After playing a half season for the Primavera team, he was loaned to Pisa of Serie C1 in the second half of 2004–05 season. De Falco returned to Primavera team on 1 July and finished as runners-up of Campionato Nazionale Primavera losing to Juventus 0–2.

===Pescara===
De Falco was sold to Pescara (Serie B) in a co-ownership deal on 20 June 2006 for a peppercorn of five hundred euro, joining Antonio Aquilanti. In June 2007, Pescara bought De Falco outright by winning the auction between the club, for another five hundred euros.

===Chievo===
De Falco was signed by Chievo in August 2007, for free. However, he was immediately farmed to Taranto in another co-ownership deal, for a peppercorn of five hundred euro. In June 2008 Chievo bought back De Falco for an undisclosed fee.

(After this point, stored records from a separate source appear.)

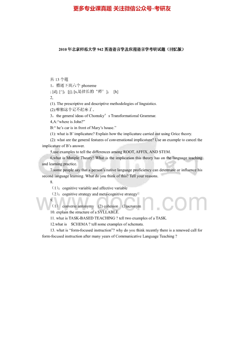 北京师范大学英语语言学及应用语言学历年真题(2008、2010)考研真题汇编.Image.Marked猴哥6个月前发布关注私信0.42MB3页08061北京师范大学英语语言学及应用语言学历年真题(2008、2010)考研真题汇编.Image.Marked此内容为免费资源,请登录后查看¥0 登录查看免费资源 第1页 / 共3页 第2页 / 共3页 第3页 / 共3页 已完成全部阅读,共3页 © 版权声明文章版权归作者所有,未经允许请勿转载。THE END考研专业课 喜欢就支持一下吧点赞61赞赏 分享QQ空间微博QQ好友海报分享复制链接收藏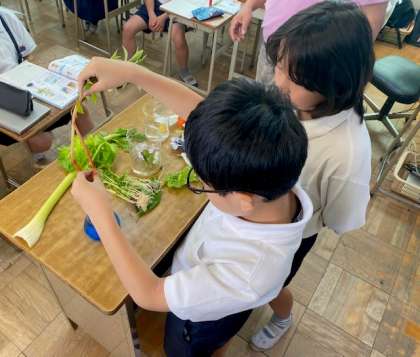 植物に取り入れられる水について実験をしました。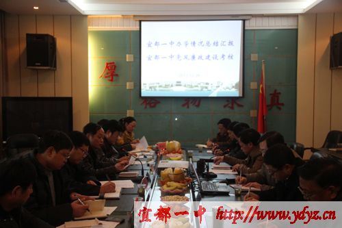 2012年12月26日,宜都市教育局党委书记、局长周朴华率领市教育局党风廉政建设考核小组来我校进行廉政考核和办学情况调研。考核活动由考核组组长教育局副局长王家良主持。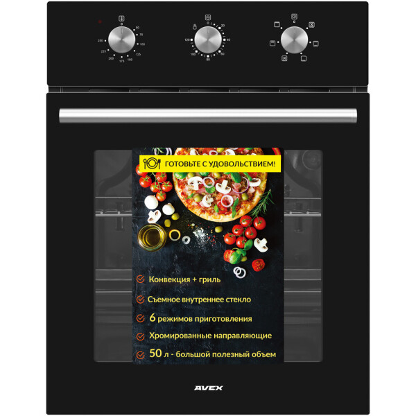 Встраиваемый электрический духовой шкаф Avex HM 4060 1B черного цвета отлично подойдет в вашу кухню. Предусмотрена электрическая независимая духовка. Температура нагрева духового шкафа от 50 до 250 С. Есть поворотные металлические переключатели. Есть следующие функции: гриль, механический таймер, вентилятор охлаждения, хромированные направляющие.
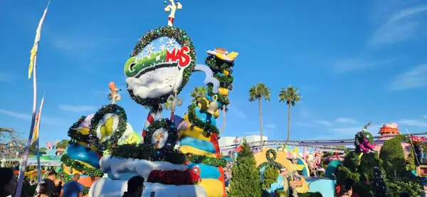 A programação, que começou no dia 22 de novembro e vai até 31 de dezembro em noites selecionadas, combina parada, shows de luzes, interações com personagens e até café da manhã com Grinch, além de comida e guloseimas temáticas.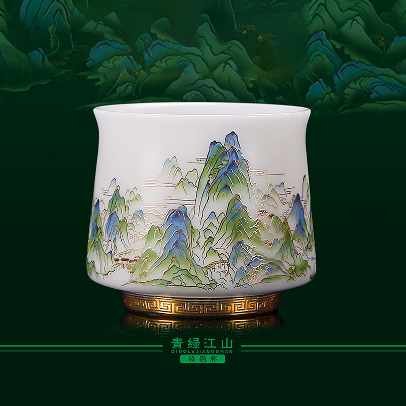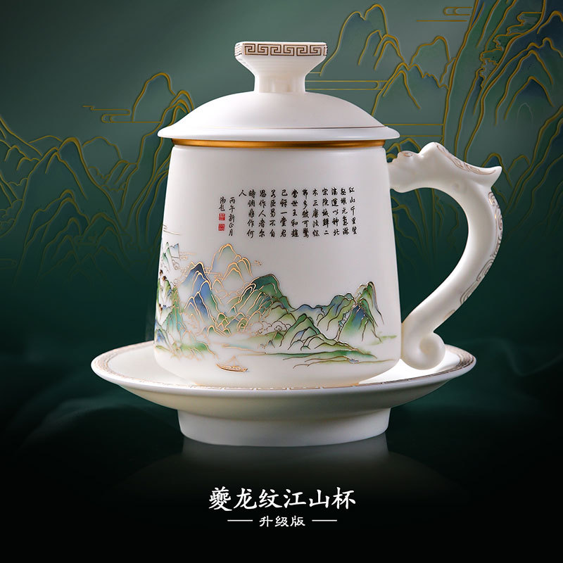 徐建勇大師オリジナル千里江山ティーカップ茶水分離羊脂玉磁器オフィスカップ男性プレゼント家庭用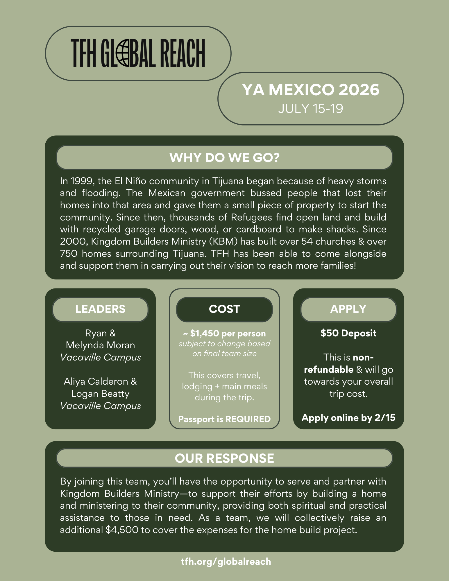 In 1999, the El Niño community in Tijuana began because of heavy storms and flooding. The Mexican government bussed people that lost their homes into that area and gave them a small piece of property to start the community. Since then, thousands of Refugees find open land and build with recycled garage doors, wood, or cardboard to make shacks. Since 2000, Kingdom Builders Ministry (KBM) has built over 54 churches & over 750 homes surrounding Tijuana. TFH has been able to come alongside and support them in carrying out their vision to reach more families!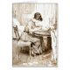 Une belle femme, portant une robe intégrale, écrivant des lettres. La nappe est poussée de côté pour adapter à ses matériaux d'écriture. La légende pour cette illustration vintage lit, "Valerie était occupée, excessivement occupé, arrangeant des sujets, en raison du grand changement imminent". (Des 1911) dessins à l'encre du 20ème siècle original par Charles Gibson. Tous droits réservés art 2013 d'aumônier de ©
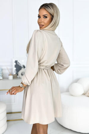 Θηλυκό και κομψό φόρεμα με λαιμόκοψη φάκελο, δέσιμο στη μέση και ελαστικά μανίκια. Φόρεμα σε μπεζ χρώμα. Πολωνική παραγωγή. Μάρκα numoco.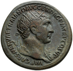 IMP TRAIAN[O] AVG GER DAC P M TR P COS V P P, Bust of Trajan seen from behind, laureate, draped, cuirassed, right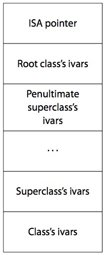 如果把类的实例看成一个 C 语言的结构体(struct),上面说的 isa 指针就是这个结构体的第一个成员变量,而类的其它成员变量依次排列在结构体中。排列顺序如下图所示(图片来自《iOS 6 Programming Pushing the Limits》):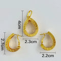 Command attention with the Gold Teardrop Pendant & Earrings Set — a radiant symbol of bold sophistication. Designed in a teardrop silhouette and finished in 18K gold plating, this timeless set brings a refined touch of Dubai-inspired luxury to every look.
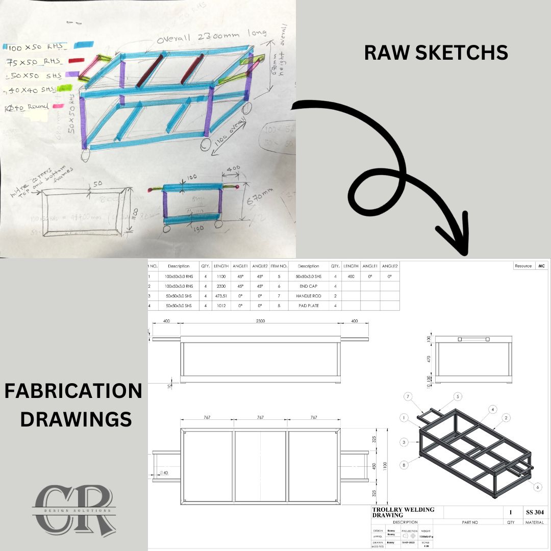 The client requested an trolley fabrication drawings, their main concern was the trolley should not exceed 3200 mm length(including handles), 1150 mm width and 850 mm ht including wheels Ht. The dynamic weight carrying capacity should be 90 kgs, so we selected heavy duty castor wheels from samart catalogue with adequate weight carrying capacity. Initially we produced an hand sketched drawings of the trolley while discussiong the requirements and furthur produced the Fabrication Drawings.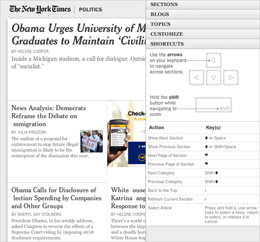 NY Times: Times Skimmer : 纽约时报的新闻概要页拥有很好的键盘导航功能,使用箭头键在新闻间前进后退,使用 Shift 键缩放,返回顶部按 t,刷新当前内容按 r,选择新闻按 a 和箭头。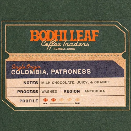 Colombia Patroness Country: Colombia Region: Antioquia Process: Washed Cupping: Juicy, Milk Chocolate, Orange Roast Profile: Light - Medium Description: A juicy coffee with incredible depth. The taste of milk chocolate, balanced with citrus acidity makes Colombia Patroness a fantastic cup of coffee.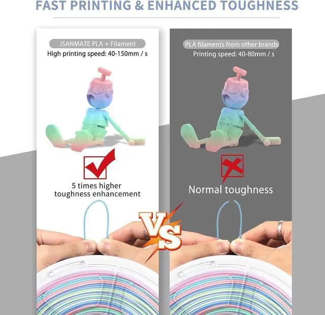 • [Gradient Filament Parameter]-iSANMATE PLA Plus Filament Print Temperature: 190 - 220, Recommended Temp:200. Printing Speed: 40-130mm/s, iSANMATE PLA+ filament dimensional: 1.75mm,accuracy +/- 0.03mm;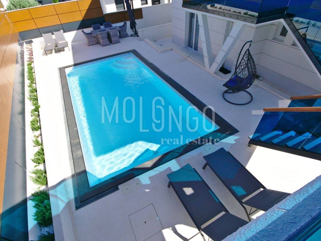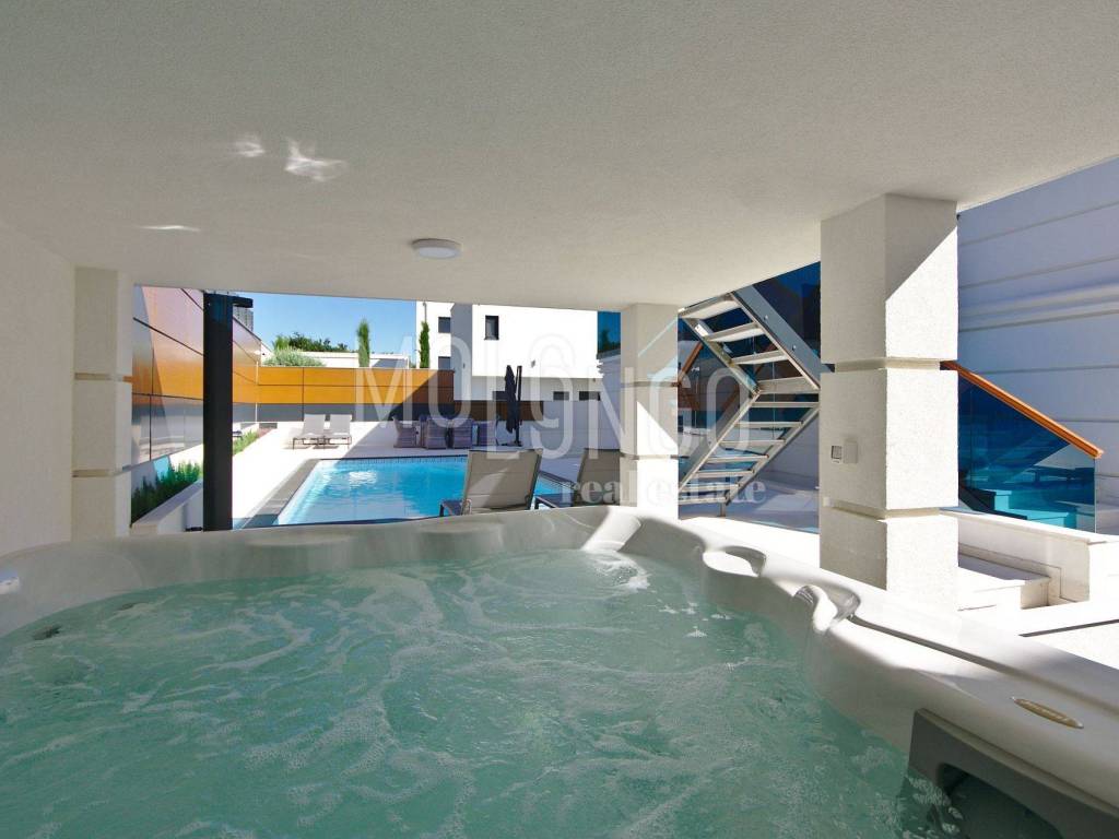 The apartments are equipped with luxury furniture that is included in the price and remains in the house at the customer's request. Within the house there is also a larger swimming pool and a jacuzzi for 6 people, and there is also a sunbathing area for relaxing in the warm sun.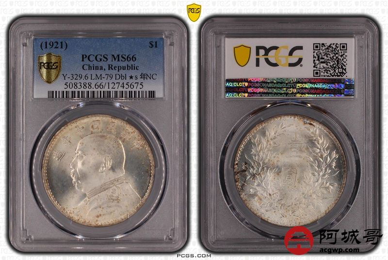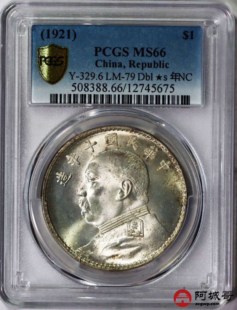 Lot:11 民国十年大头壹圆 曝光 六角星 PCGS MS66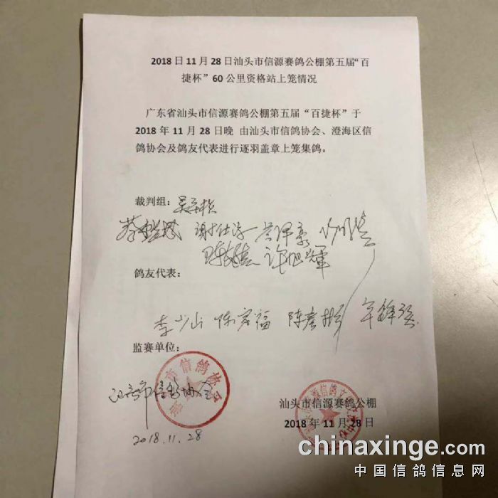 汕头信源公棚11月28日资格站(约60公里)集鸽现场相片1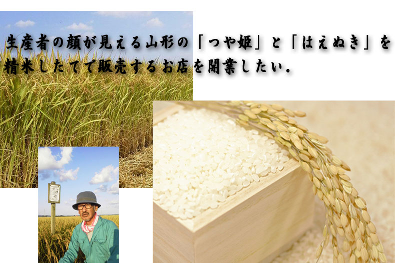 私は、生産者と直接対話し、納得したお米を、今回は山形県産の「つや姫」と「はえぬき」を販売いたします。生産者は主に十七代にわたって米農家としてお米づくりに携わってきた私の兄のお米の販売をいたします。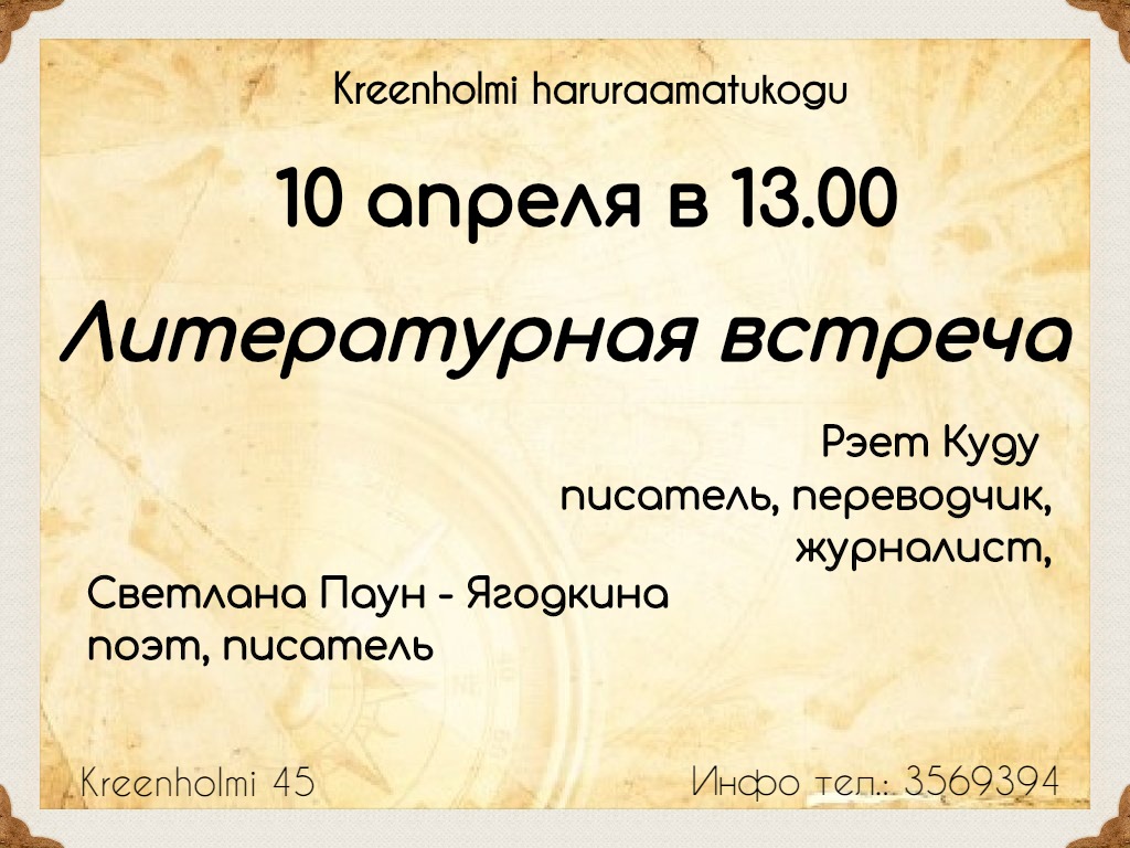 Кренгольская библиотека приглашает вас 10 апреля в 13.00 на "Литературную встречу". На встрече эстонская писательница, журналист и переводчик Рэет Куду расскажет о себе и своем творчестве. Также на встрече поэт Светлана Паун-Ягодкина расскажет о себе и совместном творчестве с Рэет Куду. Мероприятие бесплатное и будет проходить на двух языках (эстонском и русском).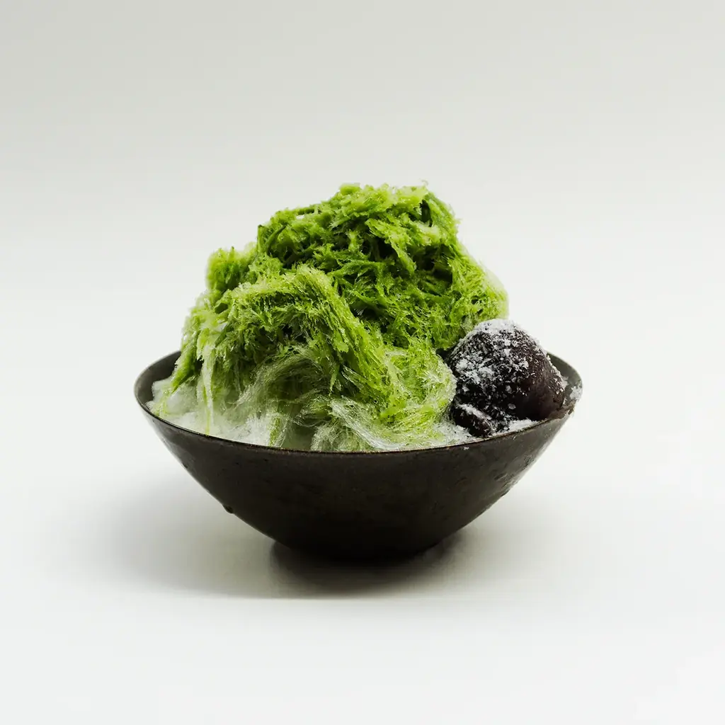 北海道産小豆を用いた玉澤謹製の滑らかな餡を串団子にし、霜塩を添えて提供。霜塩のやわらかな食感が餡の甘さを引き立てます。 - 霜塩小餅かき氷(夏季・イートイン)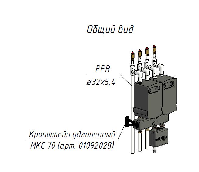 Специальная конструкция нового удлинённого усиленного кронштейна обеспечивает лёгкое прохождение труб за модулями и возможность опуска магистрали трубой диаметром 32 мм (ППР) ниже уровня модуля с установленной теплоизоляцией. Продуманная форма кронштейна облегчает монтаж и повышает надёжность крепления трубопровода. Удобен в эксплуатации и идеально подходит для организации скрытого размещения коммуникаций.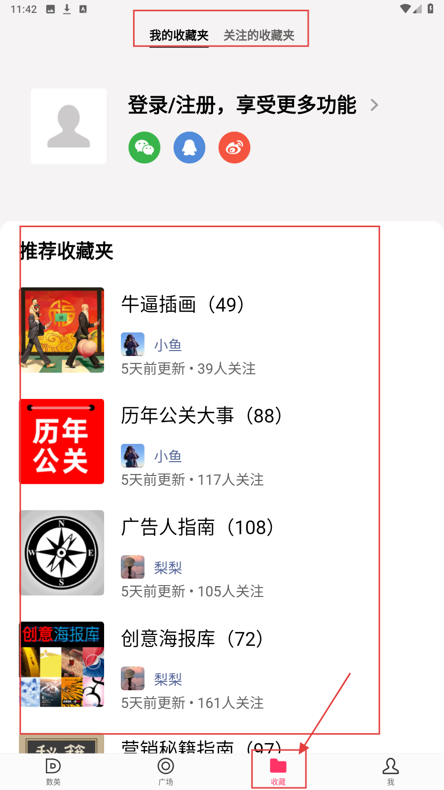 3、点击底部【收藏】,进入【我的收藏夹】页,查看推荐收藏夹,登录后即可进行收藏。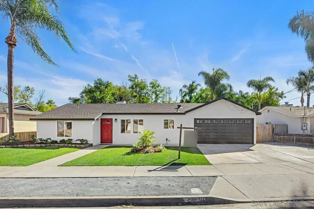 Welcome to 9049 Gorge Ave in Santee, CA Range Priced 999,990-1,099,000 a stunningly remodeled 3-bedroom, 2-bath home blending modern design with functionality. This open-concept layout features an updated kitchen with stainless steel appliances, insta-hot water, and bi-fold patio doors opening to a private, oasis-style backyard complete with cabana, grass area, and a tropical-inspired pool – perfect for entertaining. Inside, find new flooring, large baseboards, and spa-inspired bathrooms that add elegance. The primary suite includes a spacious walk-in closet and luxurious bath with integrated bench. High-tech adjustable canned lights and ceiling fans ensure comfort throughout. The attached two-car garage offers a wash sink, custom storage, and updated switches/outlets. Plus, the separate third garage holds potential as a workshop or conversion to an ADU/Airbnb rental, adding income or guest space options. Situated on a large lot with no rear neighbors, there's ample space for RV/boat parking. With new windows, paint, and roof, this move-in-ready home is the perfect blend of luxury and versatility!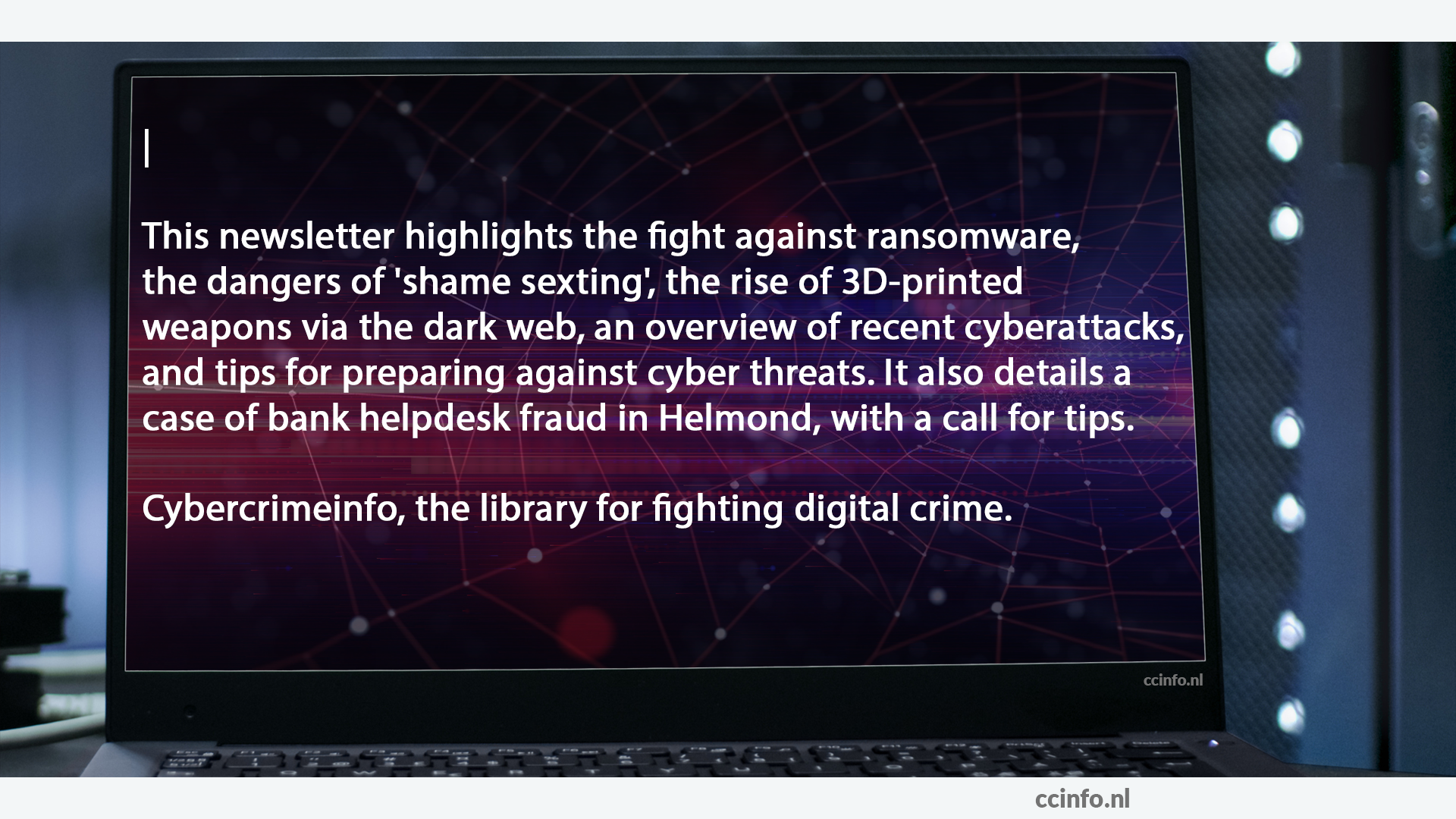 Deze nieuwsbrief belicht de strijd tegen ransomware, de gevaren van 'shame sexting', de opkomst van 3D-geprinte wapens via het darkweb, een overzicht van recente cyberaanvallen, en tips voor het voorbereiden op cyberdreigingen. Ook wordt een geval van bankhelpdeskfraude in Helmond uitgelicht, met een oproep tot tips.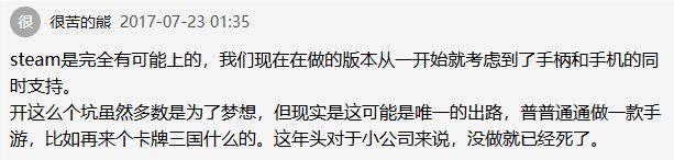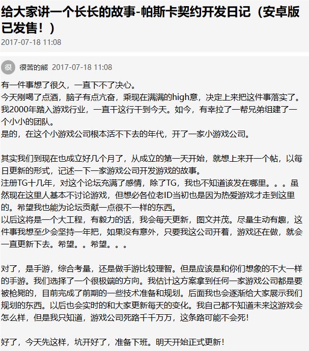 7月18日,下定決心的那天,激動萬分的楊洋趁着酒興在論壇發佈帖子,以開發日誌記錄的形式在心裏落實這件事。在帖子裏,他寫道,團隊選擇了一個極端的手遊方向,“這方案拿到任何一家遊戲公司都是要被槍斃的”。帖子獲得百千回覆,有吧友爲這份夢想送上支持,也有業內朋友出於善意勸他,這是選錯了品類,也選錯了平臺。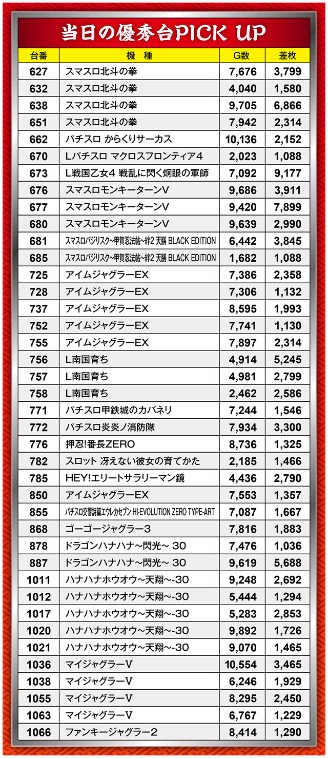 数多くのプラス台が誕生したこの日。5,000枚オーバー台も少なくなく、『スマスロモンキーターンV』と『L戦国乙女4 戦乱に閃く炯眼の軍師』からは7,000枚を上回る結果も生まれていた。さらには『ジャグラー』シリーズや『ハナハナ』シリーズにも優秀台が多く配置されていたのか、告知ランプを光らせまくり、プラっていた台が多数!

He returned to Ancona for the 2008/09 season, on loan along with Stefano Olivieri from Chievo.

De Falco then spent 3 more seasons on loan, for Ancona again in 2009–10, Sassuolo in 2010–11 and Bari in 2011–12. De Falco also played once for Chievo in 2011–12 Coppa Italia. Bari did not excised the option to sign De Falco in June 2012. However, the club did in August.

===Bari===
On 27 August 2012 De Falco was exchanged with Nicola Bellomo, plus €350,000 cash to Bari. Both club retained 50% registration rights of their players. De Falco signed a three-year contract. The co-ownership deals were renewed in June 2013. In January 2014 De Falco was signed by S.S. Juve Stabia in a temporary deal. In March 2014 the liquidator of Bari valued the 50% registration rights of De Falco was €161,540.4, instead of the purchase price in 2012 (€1.4 million) nor any partial amortized value. In June 2014 Bari signed De Falco outright, for another €400,000, with Idriz Toskić moved to Chievo also for another €400,000.

===Benevento===
On 16 July 2014 De Falco was signed by Benevento in a two-year contract on a free transfer.

===Reggina===
On 15 January 2019, he signed a 1.5-year contract with Reggina.

===Viterbese===
On 1 August 2019, he joined Viterbese. On 22 February 2021, his contract was terminated by mutual consent.

===Serie D===
On 25 February 2021, he joined Siena in Serie D. On 27 September 2021 he signed with Nereto, also in Serie D.

==Match-fixing-scandal==
De Falco was involved in the 2011–12 Italian football match-fixing scandal.